Following is a sampled deploy.xml file of a simple process which includes a few configuration fields.The root element <deploy>, contains a list of all deployed processes in the deployment package under separate <process> element tags. Each <process> element must provide a name attribute with the qualified name(QName) of the process. Note that we can declare more than one process inside our deploy.xml file.
The deployment descriptor can be used to configure seven types of fields in a business process given below.
- Process state
- In-memory state
- Services provided or invoked by the process
- Process events
- Mex interceptors
- Process properties
- Process cleanups
Now let’s see how to configure each of these fields for our bpel process.
The process state controls overall access to the process which specifies whether the process should be activated or retired once it is deployed. When the state is ‘active’ new instances can be created and accessed from the process and once it is in ‘retired’ state new instances cannot be created. However the existing instances are permitted to be completed normally.
A process can be set into ‘active’ state by adding an <active> element into the deployment descriptor as declared above. The <active> state is set as ‘true’ by default. In other words whether we include <active> element or not, a process is in active state at deployment stage if we haven’t explicitly declared it as a ‘retired’ process.
Figure 1 : A process which is in active state at the deployment
Meanwhile to set a process into ‘retired’ state <retired> element is used in the deployment descriptor. The default value for this is ‘false’ in general. It is also possible to active or retire a process using ‘Status’ option under the ‘Process Details’ table in the ‘Process Information’ page (refer figure 1) in the web console.

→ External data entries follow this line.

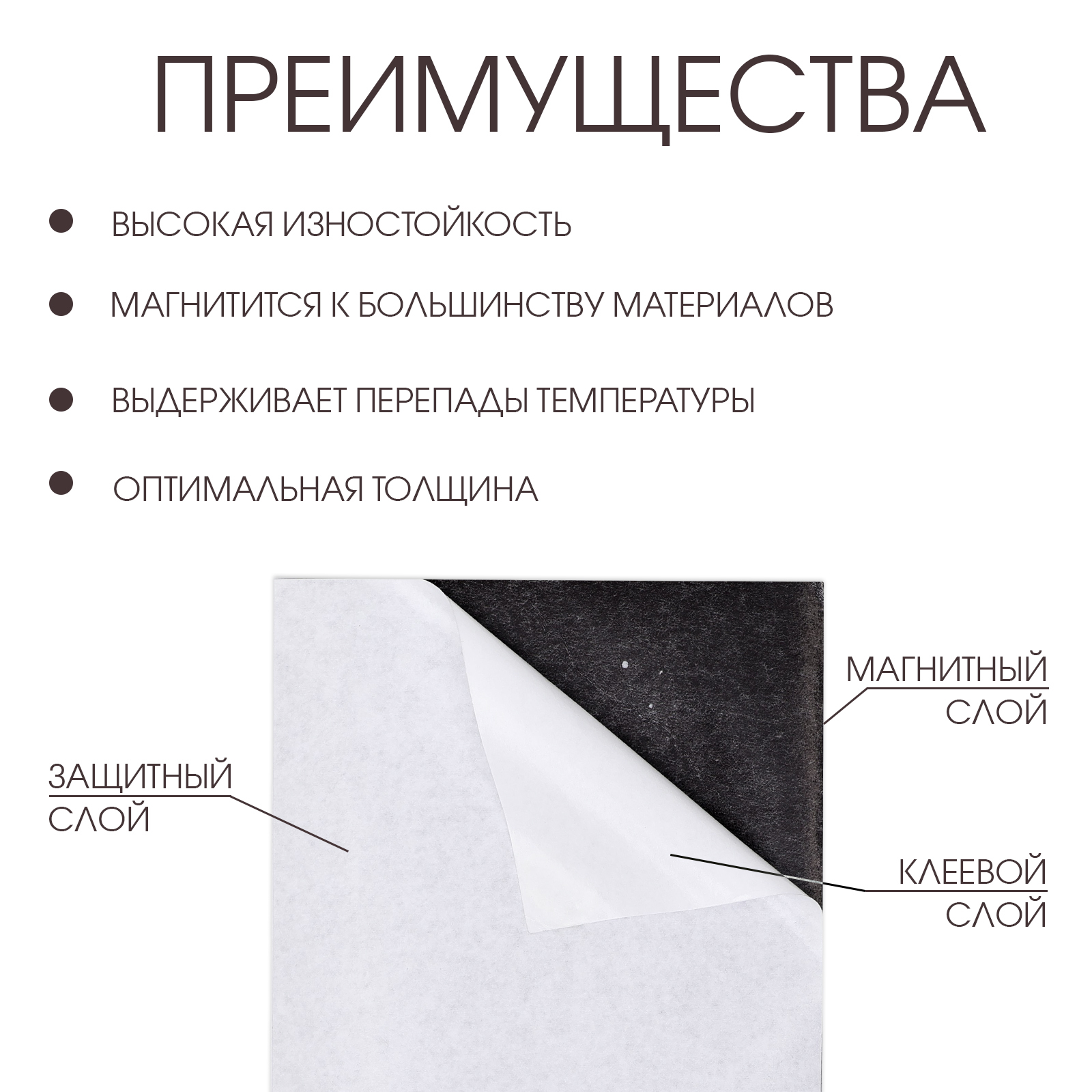 - Магнитный винил, примагниченный к обычной магнитной доске, легко удерживает приклеенное к нему изделие весом до 300 г (при равномерно распределённой нагрузке).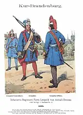 Vers 1643-1644, l'armée en gestation comptait seulement 5 500 hommes de troupe, dont 500 mousquetaires dans la garde personnelle de Frédéric[1]. Johann von Norprath, l'homme de confiance de l'Électeur, recruta des forces dans le duché de Clèves et constitua une armée de 3 000 soldats hollandais et allemands en Rhénanie en 1646. Les garnisons s'accrurent aussi lentement au Brandebourg et dans le duché de Prusse[2].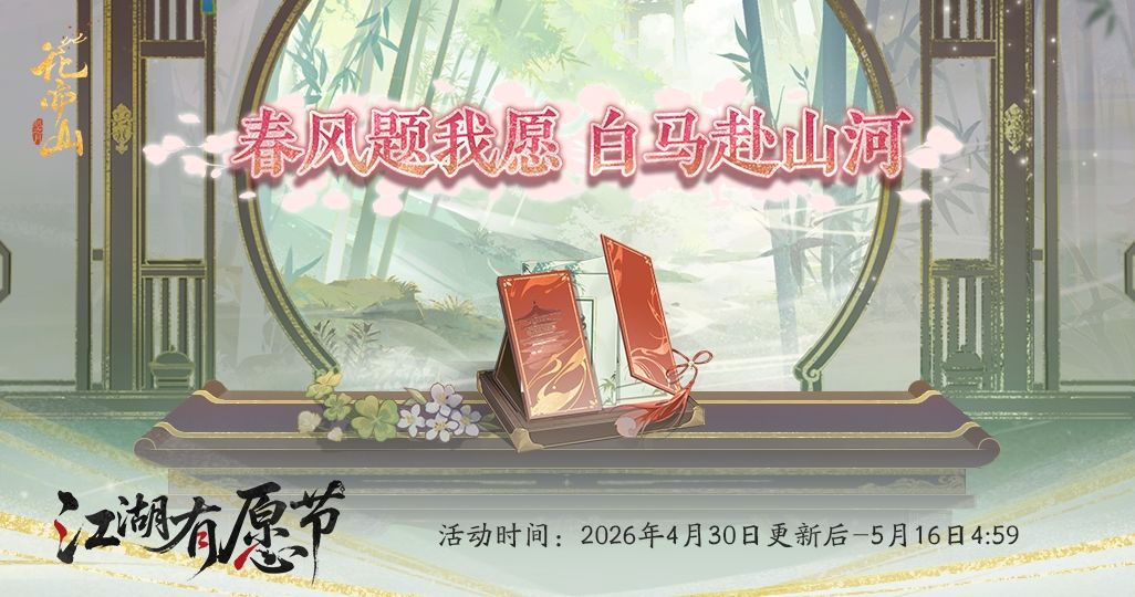 参与方式:活动期间,在【江湖有愿节】中完成【愿望匣】活动,即可获得花诏令(限时)奖励!完成许愿累计可获得花诏令(限时)*20!

Considering the performance aspects, a process can be configured to execute only in memory, as opposed to being persisted in the database. Doing this can significantly increase our application performance and reduce the load on the database, at the expense of recovery guarantees.
To declare a process to execute in-memory, an <in-memory> element is added into the deployment descriptor as shown below.As the default value this is declared ‘false’ for a process.
However in-memory processes have many limitations when it comes to execute their instances. They can only invoke synchronous request-response type message exchanges. Also the process definition can only include one single receive activity which is the instantiating receive activity.
In-memory instances are not visible in the Console and therefore cannot be managed like persistent instances too.
Why it is needed to configure process events?
WSO2 BPS generates process events to let us track what is exactly happening in the bpel engine and produces detailed information about process executions. These events are persisted in BPS embedded H2 database and can be queried using the BPS Management API. In general bpel engine generates all events for each executed process if they are not configured from the process level. However from the performance aspect, this generates quite a large amount of unwanted data and introduces a significant performance overhead.Therefore it is better to deactivate some of the events (or even all of them) which are not necessary for a certain process.
There are five types of events can be declared for a process as activityLifecycle, instanceLifecycle, dataHandling, scopeHandling and correlation. Each event type has several sub categories under it. Some of these sub categories can be declared in process level while some must be associated with a specific scope in the process. In the next section i am going to explain how to filter these events in either process or scope level.
The following table displays all event types generated by WSO2 BPS.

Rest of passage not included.